📚 Stanford CS336: Language Modeling from Scratch9 / 17

Stanford CS336 Language Modeling from Scratch | Spring 2025 | Lecture 9: Scaling Laws 1

Intermediate

Stanford Online

Key Summary

•Scaling laws are empirical rules that show how a model’s loss (error) drops as you grow model size, data, or compute. They take a power-law form: Loss = A × N^(-α), where N can be parameters, data tokens, or compute, and α is the scaling exponent. This lets us predict how bigger models might perform without training them.
•The 2020 Kaplan et al. study trained many GPT-2–style models and found neat power-law fits for three knobs: model size (parameters), data size (tokens), and compute (FLOPs). The exponents they reported were roughly α_params ≈ 0.076, α_data ≈ 0.074, and α_compute ≈ 0.069. These similar exponents suggest model size and data are about equally useful for improving loss.
•A key insight is that loss vs. scale looks like a straight line on a log-log plot, which is the signature of a power law. You can fit a line to log(loss) vs. log(N) and the slope gives you the exponent (up to a sign). This simple procedure turns messy training results into a clear predictive model.
•Hoffmann et al. (2022) studied the best way to spend a fixed compute budget, called compute-optimal scaling. They used the relation C ∝ N × D (compute ~ parameters × tokens) and found that you should grow model size and data together. With more compute, both the best N and D increase roughly in proportion to the square root of C in this simplified view.
•Compute-optimal scaling explains why just making a giant model without enough data wastes compute (overfitting), and using too much data for a tiny model underuses compute (underfitting capacity). There’s a sweet spot for each compute budget. Picking N and D well can save time and money while improving performance.
•Why do scaling laws appear? Learning curves often follow a power law with steps T: loss ∝ T^(−β). Combine this with compute C ∝ N × T, and you get loss ∝ C^(−β/(1+β)), another power law. Intuitively, this reflects diminishing returns: each extra batch helps a bit less than the last.

Why This Lecture Matters

Scaling laws turn large-model development from an expensive guessing game into a predictable engineering process. For ML engineers, researchers, and product teams, they provide a compact formula to forecast the returns from increasing parameters, data, or compute. This helps set realistic budgets, timelines, and goals, especially when training runs can cost millions of dollars. With compute-optimal scaling, you can choose the best mix of model size and data for a fixed compute budget, avoiding wasteful runs that either overfit or underutilize capacity. In real projects, leaders need to justify investments and plan infra. Scaling laws quantify expected gains (e.g., around 5% loss reduction per doubling at today’s exponents), allowing teams to prioritize between collecting more clean data or engineering larger models. They also guide validation protocols—keeping tokenization and datasets consistent—so improvements are attributable to scale rather than setup changes. For applied scientists, scaling laws suggest when to stop: if marginal gains fall below a threshold, it may be time to improve data quality or algorithms instead of just scaling. Career-wise, understanding scaling laws is now core literacy for professionals building or deploying LLMs. It shows you can reason about trade-offs, avoid costly mistakes, and communicate with stakeholders in concrete, quantitative terms. In an industry where models and datasets grow rapidly, scaling literacy helps you stay efficient and competitive. It’s a lens to make smarter decisions in research exploration, infrastructure design, and product planning.

Lecture Summary

Tap terms for definitions

01Overview

This lecture explains scaling laws for large language models (LLMs): simple empirical rules that show how a model’s error (loss) shrinks as you increase model size (number of parameters), data size (number of training tokens), or compute (amount of floating-point operations). Scaling laws are valuable because they let you predict the performance of models you haven’t trained yet. In 2020, before these laws were widely known, training a much bigger model was a costly guess. Now it is more scientific: by fitting a power law to smaller models, you can project to larger ones with surprising accuracy.

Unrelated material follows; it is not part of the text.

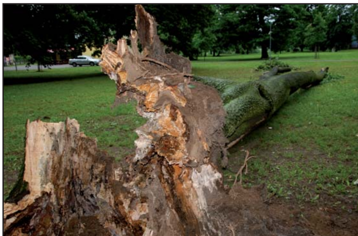
Vzrostlý javor rostoucí na Střeleckém ostrově desítky let vyvrátil silný vítr z kořenů.

Podle pracovníce odboru životního prostředí městského úřadu Lenky Brožové nejde o výjimečnou situaci. „I loni se zde jeden javor zcela vyloupil ze země. Na tomto místě je totiž vysoká hladina spodní vody, což u některých stromů způsobuje kořenovou nestabilitu,“ vysvětlila Lenka Brožová. V případě opravdu silných poryvů větru je proto lepší se v blízkosti stromů na Střeleckém ostrově nezdržovat. (eva)

The lecture focuses on three pillars. First, the general form: loss = A × N^(−α), where N stands for the scale you’re changing (parameters, data, or compute), A is a constant, and α is the scaling exponent. Second, major empirical results: Kaplan et al. (2020) showed that loss follows power laws for parameters, data, and compute with similar exponents (around 0.07–0.08), and Hoffmann et al. (2022) introduced compute-optimal scaling to choose the best mix of model size and data for a fixed compute budget using C ∝ N × D. Third, basic theory: learning curves often follow a power law in training steps and, when combined with compute relations, naturally produce scaling laws. The lecture also outlines important limitations: emergence at large scales, data quality, and architecture dependence can bend or break simple power-law predictions.

This content is pitched at learners who know the basics of neural networks and Transformers but may be new to systematic scaling. If you understand what parameters, tokens, loss, and FLOPs are, you can follow the arguments. No deep math beyond logarithms and linear regression is required; the main technique is fitting a straight line on a log-log plot. If you have never seen cross-entropy loss or perplexity, this lecture gently explains their roles in measuring performance.

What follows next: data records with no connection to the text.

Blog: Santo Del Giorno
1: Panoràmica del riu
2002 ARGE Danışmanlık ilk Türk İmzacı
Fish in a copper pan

After this lecture, you will be able to: describe the standard scaling-law form and what the constants mean; read and interpret loss-vs-scale plots; fit your own scaling exponents by training multiple models and running a log-log linear regression; estimate how much you gain by doubling model size or data; and choose model size and data size intelligently for a fixed compute budget using the compute-optimal idea. You will also be able to list common caveats so you avoid overconfident extrapolations when data quality shifts or architectures change.

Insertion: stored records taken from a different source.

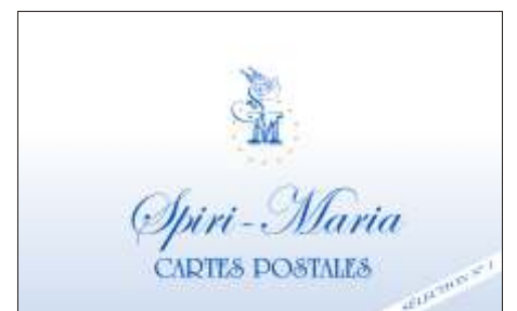
E6-22: paquet de 6 cartes (sélection #1) E6-23: paquet de 6 cartes (sélection #2) E6-24: paquet de 6 cartes (sélection #3)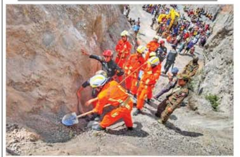
ကျောက်သဲကျင်းပြိုကျ၍ အမျိုးသားနှစ်ဦး သေဆုံး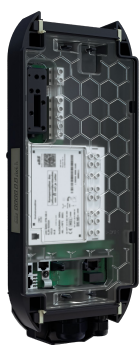
Montage mural avec eCLICK

L'eCLICK peut également être utilisé comme préparation à l'installation pour un clic ultérieur dans l'eBOX sans électricien.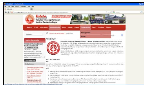
Gambar 3. Tampilan Situs http://fateta.ipb.ac.id

penelitian), ART (majalah/jurnal), dan Standar (SNI dan Codex); (5) Perangkat Jaringan : internet dan LAN ( local area network ) yang menghubungkan komputer pengolahan data, server dan OPAC. Koneksi internet disediakan bagi pemustaka dengan mengaktifkan Wifi pada laptop pemustaka. Layanan online perpustakaan dapat diakses melalui situs http://fateta.ipb.ac.id . Pada menu Perpustakaan dapat diperoleh informasi tentang katalog buku, skripsi, tesis, disertasi, Standar Nasional Indonesia (SNI) dan artikel (Gambar 3).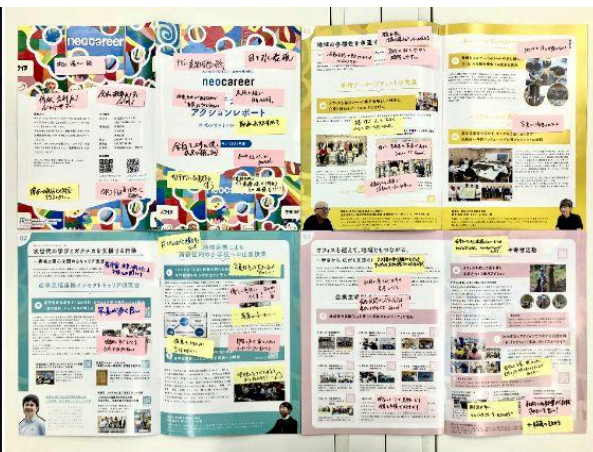
＜左＞レポートにコメントを記載する参加者 ＜右＞参加者の皆さまからいただいたフィードバック(一部抜粋)

The lecture is structured in four parts. It starts with a definition and intuition for scaling laws, including why log-log straight lines indicate power laws. Next, it reviews landmark papers: Kaplan et al. (2020) for basic parameter/data/compute scaling and Hoffmann et al. (2022) for compute-optimal trade-offs, illustrating with conceptual plots and the relation C ∝ N × D. Then it provides a simple theoretical justification using learning curves and the law of diminishing returns to derive loss ∝ C^(−β/(1+β)). Finally, it covers other related scaling laws (e.g., transfer scaling) and important limitations: breakdown at extreme scales, emergent behaviors, data quality issues, and architecture dependence. The session ends with practical advice on how to estimate the scaling exponent α in your own projects by training several points, logging losses, and fitting a line in log space.

Key Takeaways

✓Fit in log space, plan in real space: Always log-transform scale and loss, then fit a line; use the resulting α to plan real-world runs. This keeps your math simple and your predictions easy to apply. Visualize the fit to catch outliers early. A clean fit is your best planning tool.
✓Balance model size and data: Treat parameters and data as co-equal levers since their exponents are similar. If memory is tight but storage is cheap, lean into more data; if data is scarce, scale parameters. Avoid extreme imbalances that cause overfitting or underutilization. Balance yields better returns at fixed compute.
✓Use compute as the budget frame: Think in terms of C ∝ N × D to plan feasible runs. For a fixed C, increasing one dimension forces you to decrease the other. This prevents overpromising and underdelivering on timelines and costs. It aligns engineering constraints with achievable gains.
✓Train to convergence parity: Ensure larger models are trained long enough; undertraining makes them look worse and distorts your fit. Watch validation curves to confirm plateaus. Equal effort across scales gives a fair comparison. It protects your exponent estimate.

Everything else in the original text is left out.